Weimar, Germany – November 2021

A Week in the Thüringer Wald

A couple of weeks ago, I joined a group of students for a week in the Thüringer Wald, or Thuringian Forest. Our trip was their first group outing since Covid, and it was a delight to be in a reasonably rustic environment with young people who were both comfortable in that context and genuinely glad to be there.

This campground relies significantly on volunteer labour for renovation work and there was a great deal to do. This wasn’t the type of trip where we were doing that, but I think it would have been good fun.

It was dark at night and we were able to see the Milky Way and the Big Dipper, though my photography skills and equipment cannot attest to that. We also made a fire every night, making for a much warmer evening than we would have had otherwise. There’s poetry in sitting under the stars in the cold, but there’s comfort in sitting under the stars with a fire.

While the afternoons were largely free, we had activities planned each morning. A real highlight was the hike led by the campground director, Dagmar. She taught us about the bark beetles that are killing the young trees here in the beautiful Thüringer Wald. The devastation is occurring rapidly in part because of the monoculture that was once common here for logging. It was really sad to see so much empty hillside and to think about the consequences, such as landslides and flooding, that occur under these conditions, also making it really difficult to grow new trees. And trying to do so when they’re being attacked by bark beetles is, as we learned, no easy task.

It’s also interesting to contrast the immediate environment of the valley where our camp was situated with the forest conditions around a village just 15 minutes away by car. (And, for that matter, the stunning environs in yet another part of the Thüringer Wald where I’ve been twice to climb.)

One thing I am really enjoying about Germany is how much it looks just like you might expect from a travel brochure. A walk on our penultimate day from one town to a bus stop in another town was a lot of work on hills but they were really pretty hills.

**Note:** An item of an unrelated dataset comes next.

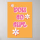 En motiverad poster gjord med ljusa färger för att tillföra varm och solsken till ditt rum, för att uppmuntra dig att gå i behållan, blomma och blunda, gå tjej.

On the last day, only about an hour from school, we spent the afternoon by a lake. There’s so much here that is a fairy tale – berries and mushrooms in forests that people just happily pick, for example – and it has been so lovely experiencing it all.

This part of the state of Thüringen (Thuringia) is right on the border with Bayern (Bavaria). You know that place. Home of Oktoberfest. Indeed.

After so much time on the Little Red Dot that is fully part of my heart, it’s a real gift to be somewhere else. I’m looking at the world with different eyes and for that, I am grateful.